After three blowout wins, the Michigan football team is riding high. The Wolverines have won their last three games — against Western Michigan, SMU and Nebraska — by a combined 127 points. It’s the first time Michigan has outscored its opponents by 120-plus points in a three week span since the first three games of 2016.
The Wolverines have scored 150 points, their highest three-game point total since the middle of 2016 — a stretch against Rutgers, Illinois and Michigan State.
Junior quarterback Shea Patterson has thrown for seven touchdown passes the last three weeks, the highest three-game total from a Michigan quarterback since Wilton Speight in the first three weeks of 2016.
Noticing a trend?
“This is the most 2016 vibe I’d say we have,” said fifth-year senior defensive end Chase Winovich. “Just going to work and maturity-wise, everybody’s accountable for their position, you have ballers on every level. And it’s a great feeling.”
Most remember that 2016 season for the heartbreak at the end, not the utter dominance that led up to it. The Wolverines ascended to No. 2 in the polls, trampling opponents with a suffocating defense and a commanding running game. It was Jim Harbaugh’s second year, and it appeared all of his promises were on the verge of fruition.
You know how it ended — a troubling night in Iowa City raised doubt about a magical run, then a loss at Ohio State that will live in infamy.
That was the closest Michigan has come to a Big Ten title and beyond since the mid-2000s; a talented team top-to-bottom. One that was generally mistake-free and efficient, took care of inferior foes, competed with top-notch opponents.
Last year, Michigan’s largest margin of victory was 25 points. The Wolverines didn’t score more than 36 points in a single game, nor did they allow fewer than 10. Above that, though less tangible, few games felt comfortable.
Though against clearly inferior foes, Michigan is back to that 2016 feeling.

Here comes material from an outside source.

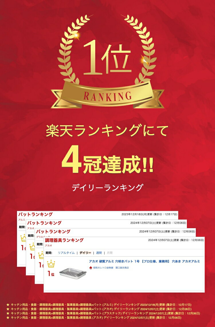 商品名 アカオ 硬質アルミ 穴明きバット 1号 【プロ仕様、業務用】 穴あき アカオアルミ メーカー アカオアルミ(AKAO) サイズ 外寸法 370mm×307mm×45mm 板厚 0.8mm 材質 硬質アルミ 軽くて丈夫な硬質アルミを使用。耐食性や耐磨耗性優れ、普通アルミ材に対し2倍以上の強度。 アルミの熱伝導率は、スチールの3倍、ステンレスの13倍、プラスチックの448倍と他素材に比べて大変優れているので、スピード冷凍・解凍ができます。穴明きバットは他のバットと組み合わせても使用できます。関連商品アカオ 硬質アルミ 標準バット深型 2号 【プロ仕様、業務用】 アカオ...アカオ 硬質アルミ 大型バット 大 【プロ仕様、業務用】 アカオアルミ.../即納/ アルミ バット システムバット蓋 大 日本製 アカオ / 餃...1,996円1,996円2,040円/即納/ アルミ バット システムバット 40 小小 日本製 アカオ ...アカオ 硬質アルミ D型バット 32cm 【プロ仕様、業務用】 アカオ.../即納/ アルミ バット システムバット蓋 小 日本製 アカオ / 餃...2,200円2,198円1,730円アカオ 硬質アルミ 大型バット P 【プロ仕様、業務用】 アカオアルミ.../入荷待ち/ アカオ 硬質アルミ 深バット 小 【プロ仕様、業務用】 ...アカオ 硬質アルミ 穴明きバット 4号 【プロ仕様、業務用】 穴あき ...2,234円2,003円1,284円/即納/ クイッキー アカオ 冷凍 アルミ 保存容器 浅型 特大 / .../即納/ クイッキー アカオ 冷凍 アルミ 保存容器 深型 大 / 急.../即納/ クイッキー アカオ 冷凍 アルミ 保存容器 深型 中 / 急...2,236円1,734円1,720円

Harbaugh, for what it’s worth, has been especially complimentary on the way his team practices and prepares.
“What really stands out is, our team is working hard and it’s paying off for them,” Harbaugh said after Saturday’s 56-10 win over Nebraska. “It’s showing they like to practice, and then they’re improving. It’s an improving, ascending team. And it’s paying off.
“They don’t — they actually get it, ramp it up every day. They don’t need — they don’t need motivational swings or talks or any, some of the things that some teams need. They just go to work, and looks like they enjoy it, that part of it.”
The parallels are far from perfect, though. For one — an especially notable one — Michigan has already lost a game, against the only nationally competitive team it has played. That game revealed potentially damming flaws.
With this recent string of dominant performances over inferior foes, sanity and confidence have been restored to a fanbase that desperately needed both. Whether it continues through the heart of Big Ten play, of course, remains to be seen.
But it’s notable players would independently affirm those parallels. It’s a cultural comparison as much as any statistical, on-the-field similarity. If players feel it, maybe that’s all that matters.
“There’s a big maturity jump happening, people are starting to feel it. We want to be the type of intimidating team we were in ’16. When we rolled down the tunnel, people feared us,” junior tackle Ben Bredeson said. We think we’re getting back to that.”